Powell’s speech dramatized how PowerPoint had become, by 2003, a nearly inescapable tool of communication and persuasion in much of the world. Since then, its domination has only become more complete. The same tool used by U.S. State Department and CIA officials to pivot an international coalition toward war is also used by schoolchildren to give classroom reports on planets, penguins, and poets. Microsoft rightly boasts of 1.2 billion copies of PowerPoint at large—one copy for every seven people on earth. In any given month, approximately 200 million of these copies are used, and although nobody’s really counting, our cumulative generation of PowerPoint slides surely reaches well into the billions. So profound is PowerPoint’s influence that prominent figures have decried the software’s effects on thinking itself. Edward Tufte, the guru of information visualization, has famously railed against the “cognitive style” of PowerPoint, which he characterizes as having a “foreshortening of evidence and thought” and a “deeply hierarchical single-path structure.”
PowerPoint is so ingrained in modern life that the notion of it having a history at all may seem odd. But it does have a very definite lifetime as a commercial product that came onto the scene 30 years ago, in 1987. Remarkably, the founders of the Silicon Valley firm that created PowerPoint did not set out to make presentation software, let alone build a tool that would transform group communication throughout the world. Rather, PowerPoint was a recovery from dashed hopes that pulled a struggling startup back from the brink of failure—and succeeded beyond anything its creators could have imagined.

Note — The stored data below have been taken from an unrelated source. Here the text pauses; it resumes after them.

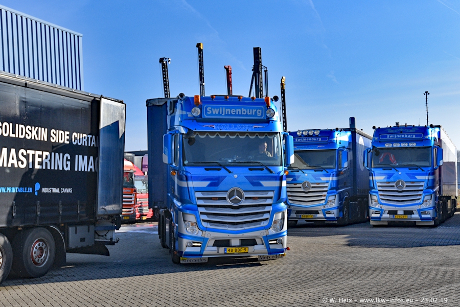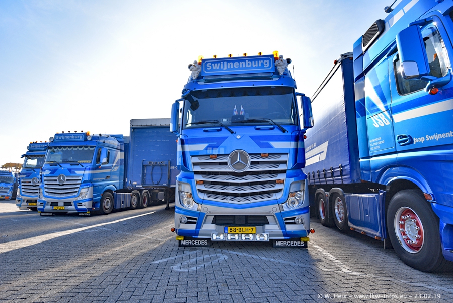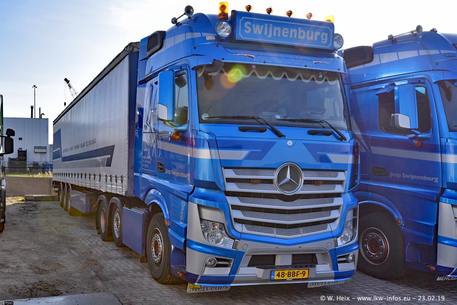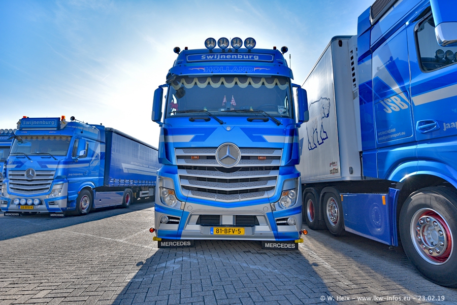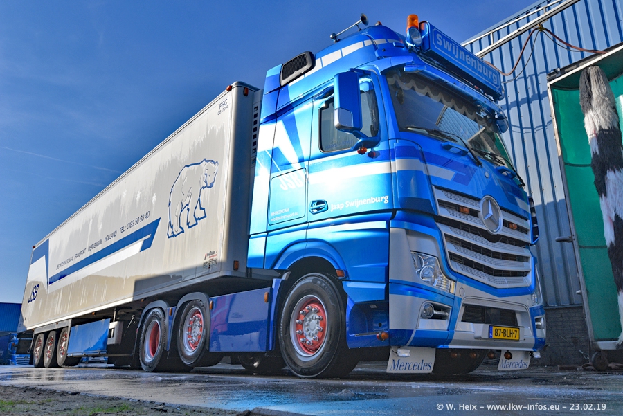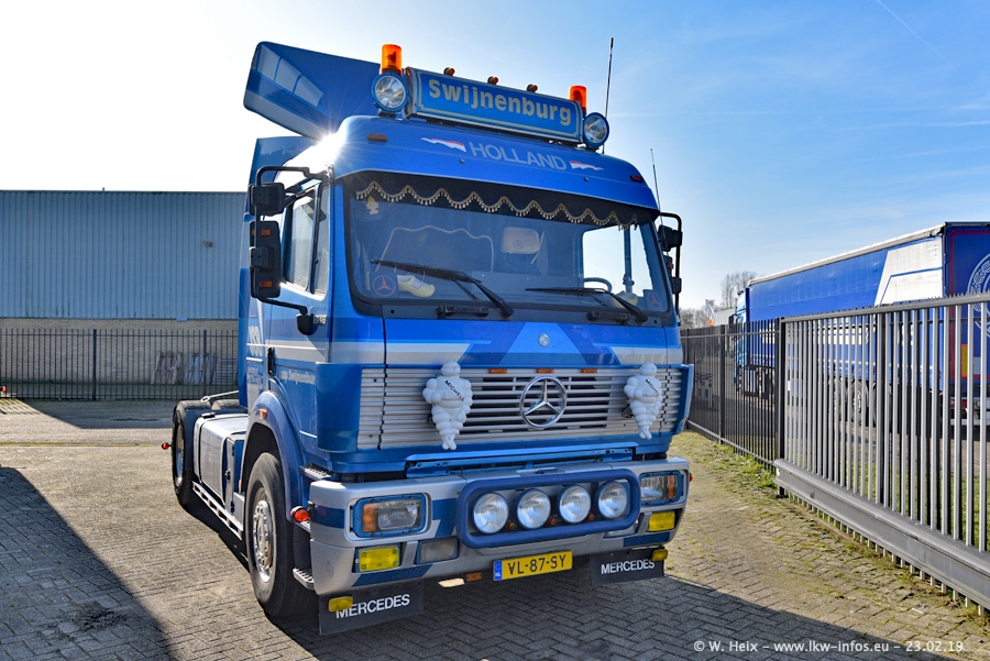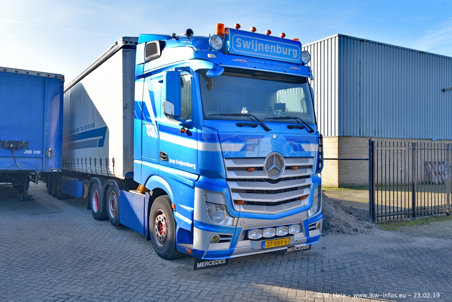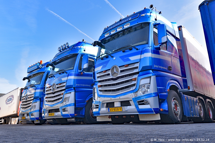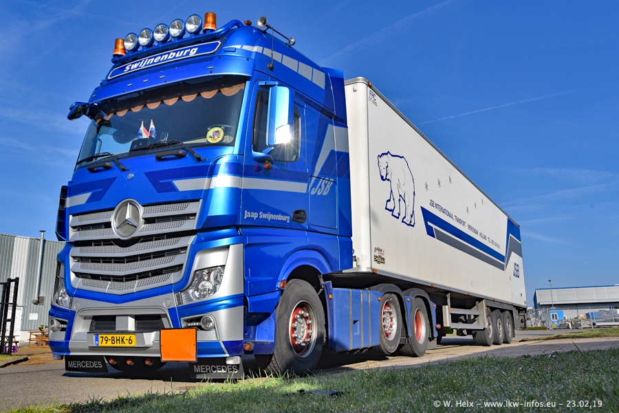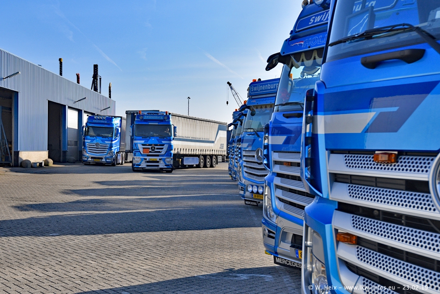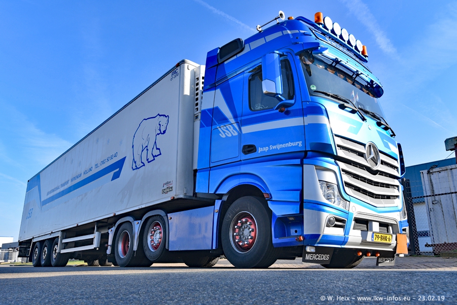 Mein letzter Besuch bei JSB Swijnenburg war im Jahr 2014. In den letzten fünf Jahren hat sich entsprechend viel verändert im Fuhrpark, der aus ca. 30 LKW besetht. Das sind ausschließlich Zugmaschinen der Actros-Baureihe. Inzwischen sind das fast alles Actros 4. Dazu kommt noch ein SK 1948 der ersten Generation, der vor ca. 5-6 Jahren restauriert wurde. Ob diese Zugmaschine noch eingesetzt wird, weiß ich nicht. Der SK stand beim Besuch ganz vorne in der Reihe vor den ganzen Actros.
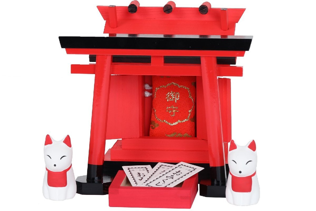 - 神棚セット モダン 小さなお稲荷さん おみくじ狐 鳥居 御守り 入れ 稲荷宮 小さなお宮さん 神棚
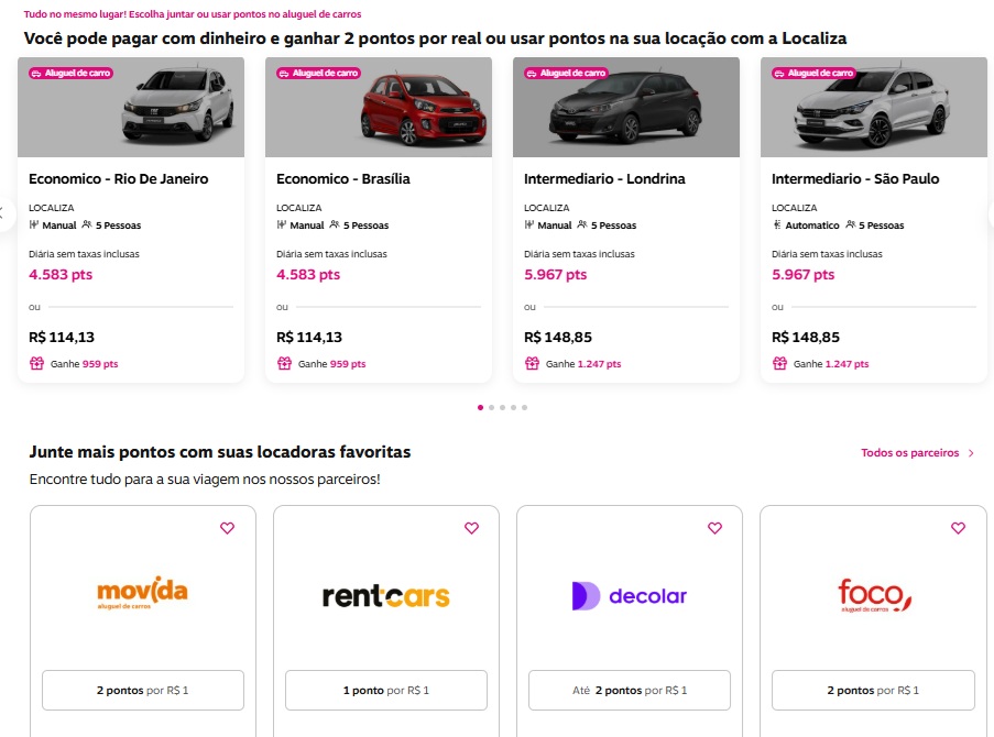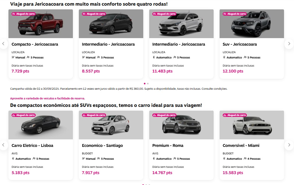 Isso varia de acordo com o destino e o modelo de carro escolhido para a sua viagem! As características do veículo também variam a quantidade de pontos, como por exemplo: se o automóvel possui direção hidráulica, ar condicionado ou é automático.
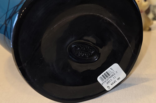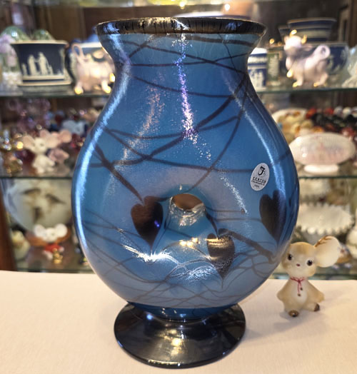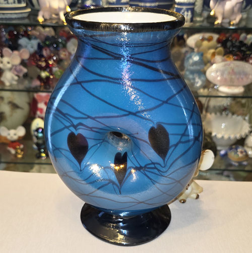 Fenton hanging hearts 9.75” donut hole vase in blue. Very heavy triple cased glass vase. One of the most popular patterns of Dave Fetty. Signed and dated by Dave Fetty
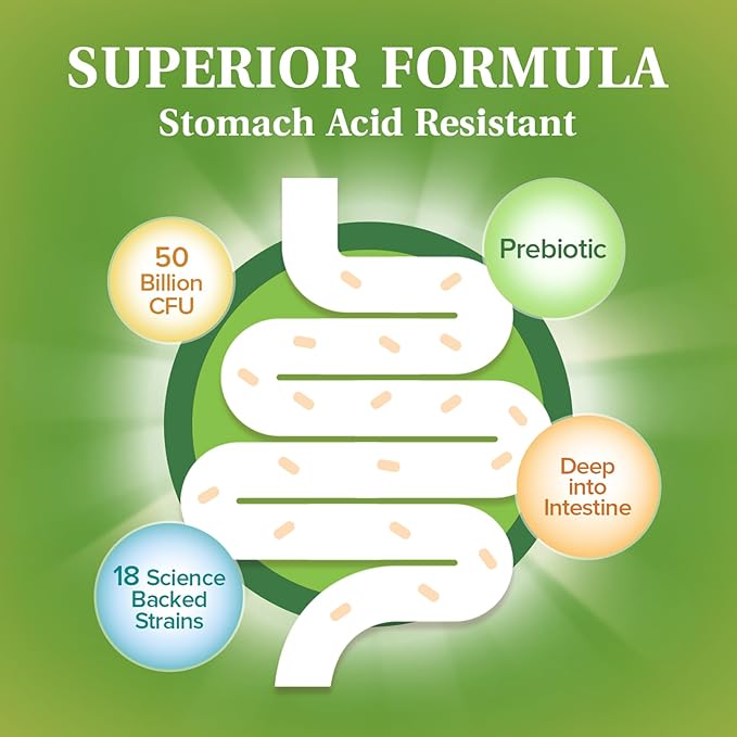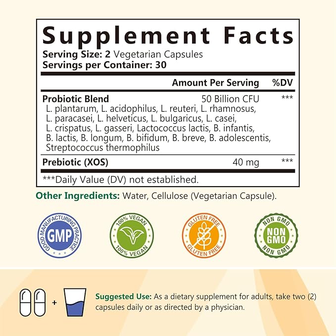 Probiotics 50 Billion per Serving, 18 Probiotic Strains, 60 Veggie Capsules - Non-GMO, Gluten Free
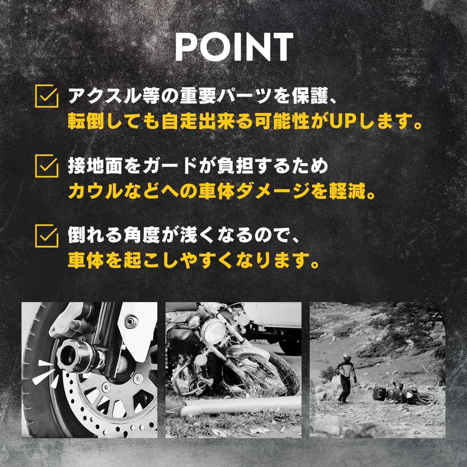 アクスルシャフトの保護機能を備え、タイヤ交換を容易にし、レーシングスタンドの受け代わりとしての使用も可能です。ドレスアップ用途にも適しており、バイクのスタイリングに一役買います。
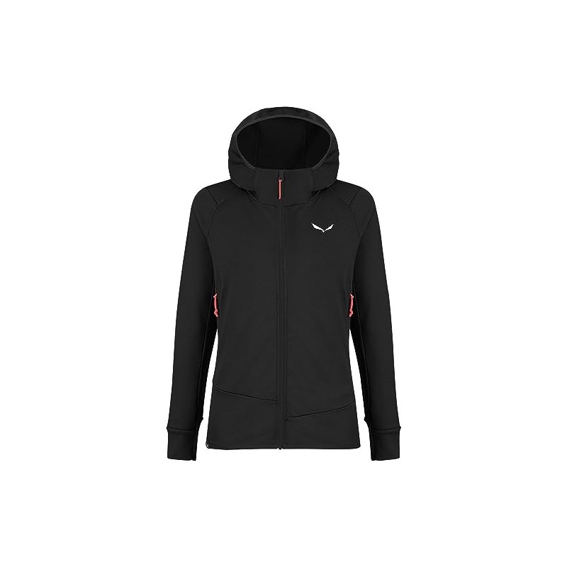 - Lightweight fleece midlayer with hood for women for trekking tours in the mountains.
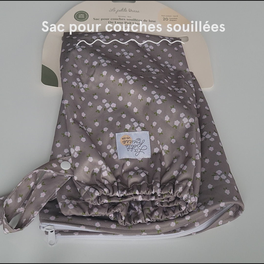 Sac résistant fabriqué de polyester recyclé étanche pour disposer de vos couches souillées après utilisation. Chaque sac peut contenir environ 20 couches. Le sac est muni d’un élastique pouvant être placé dans un sceau pour couches souillées ou accroché à l’aide de ses 2 ganses.
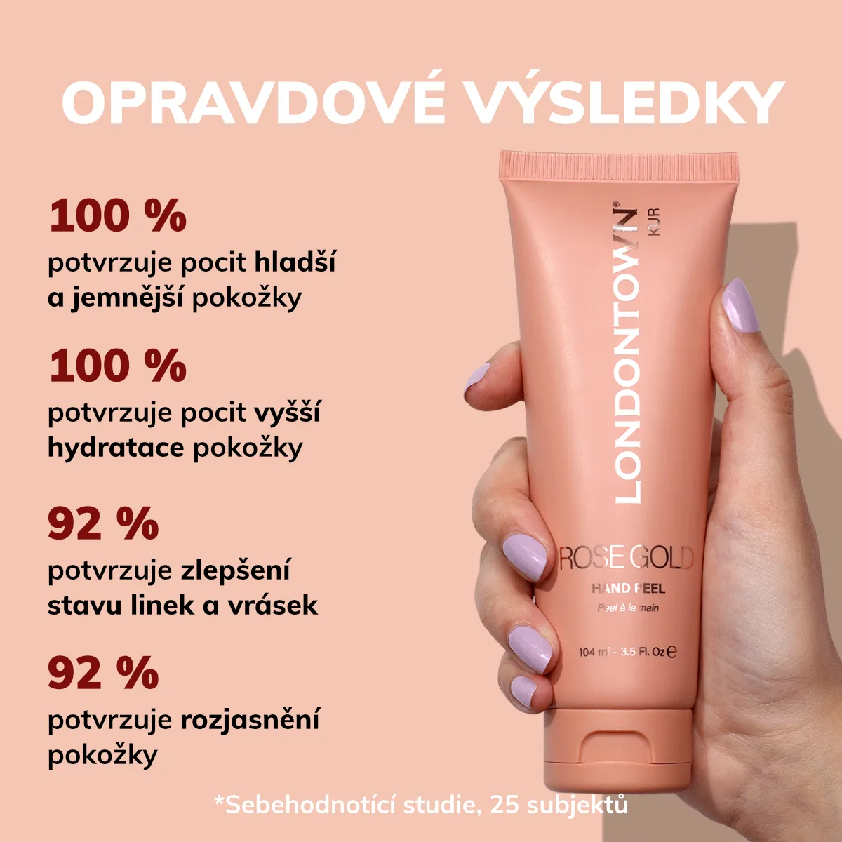 Použití: Naneste na čistou pokožku rovnoměrnou vrstvu na hřbet každé ruky a nechte 10-15 minut zaschnout. Po úplném zaschnutí masky jemně zvedněte okraje a sloupněte ji. Zbytky opláchněte teplou vodou a poté použijte krém na ruce
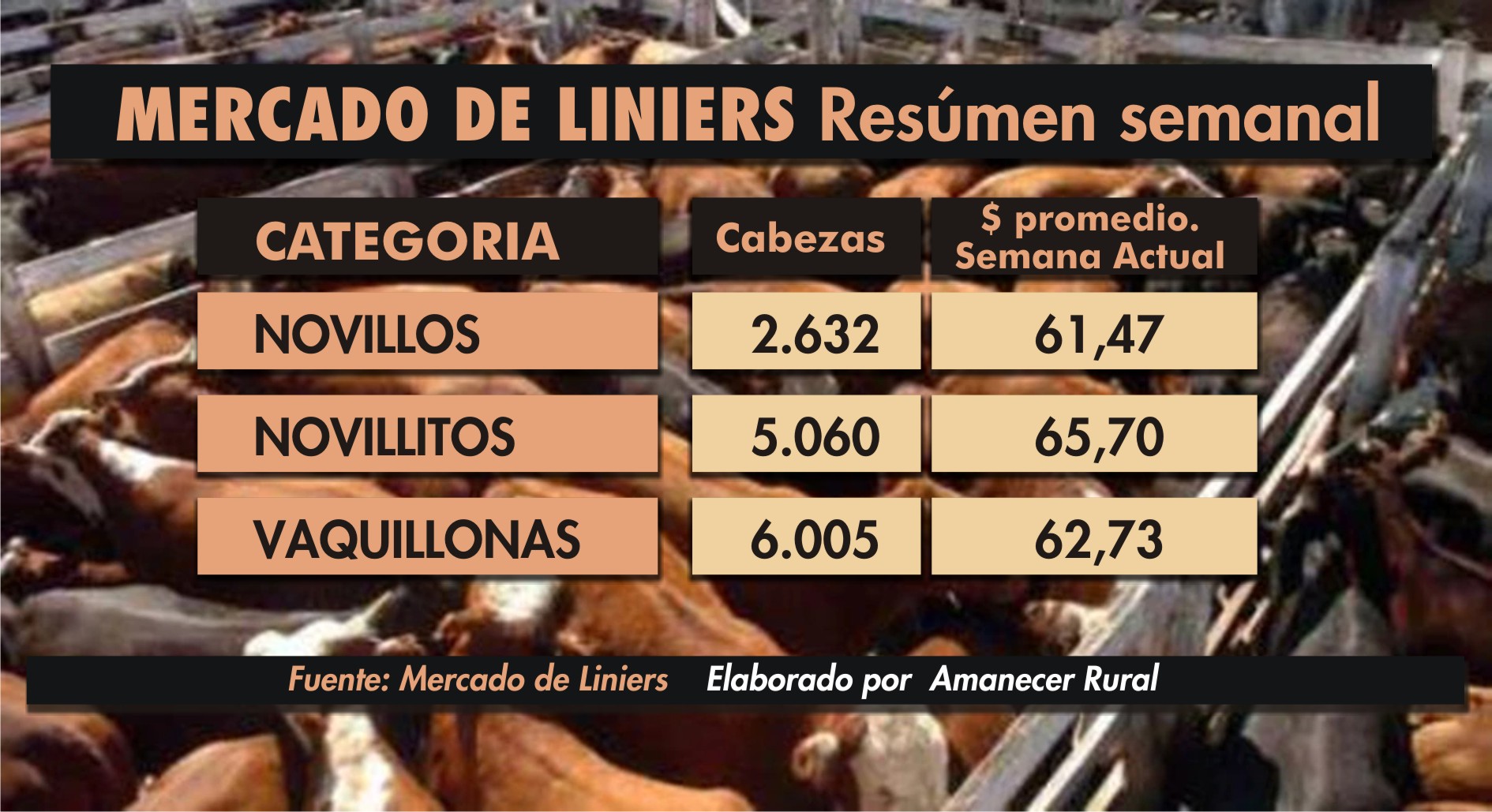 El cierre también ofreció una entrada limitada en volumen pero no así en calidad. Los conjuntos livianos de novillitos se comercializaron con rapidez y precios superiores a los del pasado miércoles, como consecuencia de la clase que reunían, mientras que las vacas apenas empataron los precios de esa ronda.
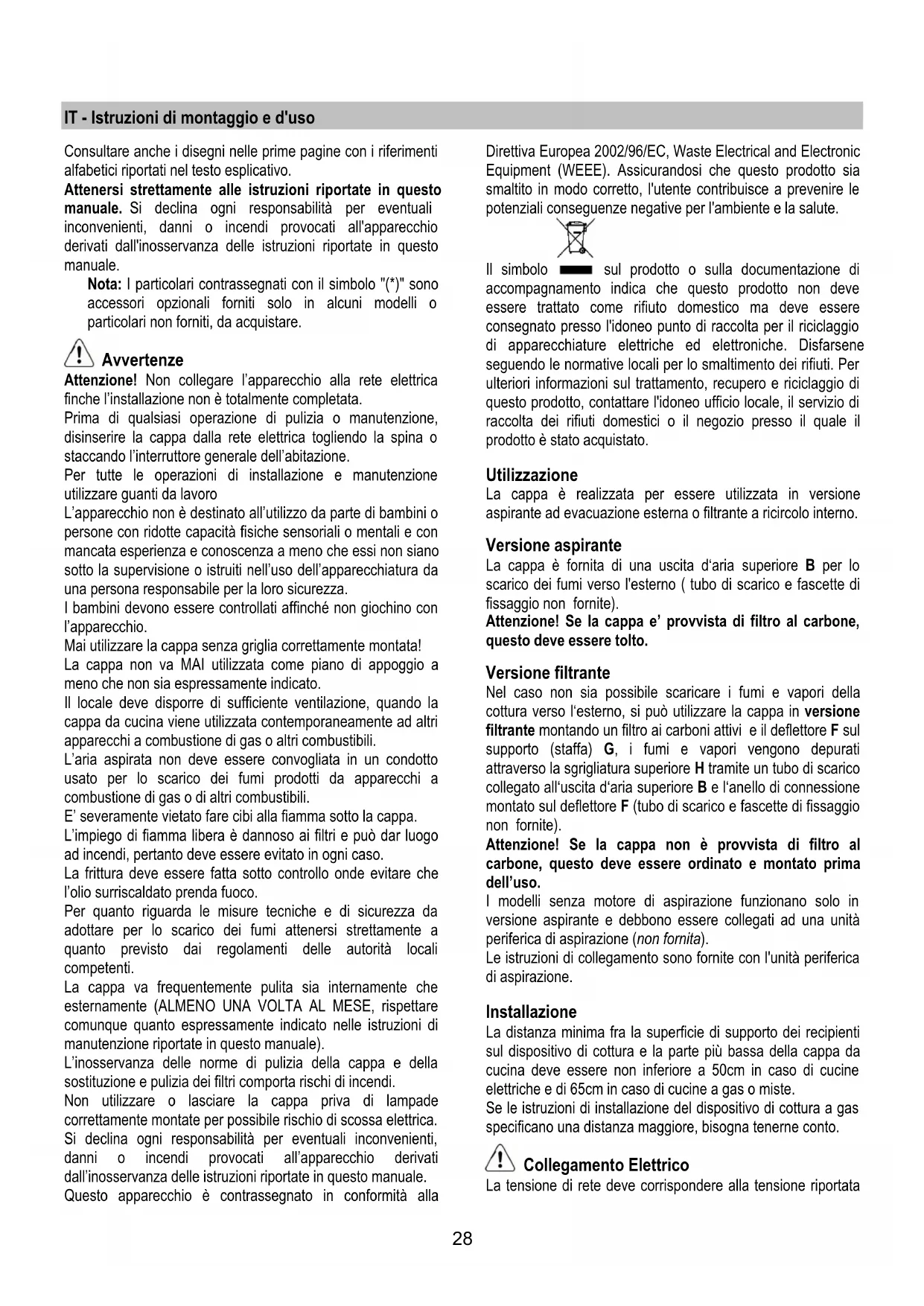 Attenzione! Se la cappa e’ provvista di filtro al carbone,

PowerPoint was not the first software for creating presentations on personal computers. Starting in 1982, roughly a half-dozen other programs [PDF] came on the market before PowerPoint’s 1987 debut. Its eventual domination was not the result of first-mover advantage. What’s more, some of its most familiar features—the central motif of a slide containing text and graphics; bulleted lists; the slideshow; the slide sorter; and even the animated transitions between slides—did not originate with PowerPoint. And yet it’s become the Kleenex or Scotch Tape of presentation software, as a “PowerPoint” has come to mean any presentation created with software.
With PowerPoint as well as its predecessors, the motif of the slide was, of course, lifted directly from the world of photography. Some presentation programs actually generated 35-mm slides for display with a slide projector. In most cases, though, the early programs created slides that were printed on paper for incorporation into reports, transferred to transparencies for use on overhead projectors, or saved as digital files to be displayed on computer monitors.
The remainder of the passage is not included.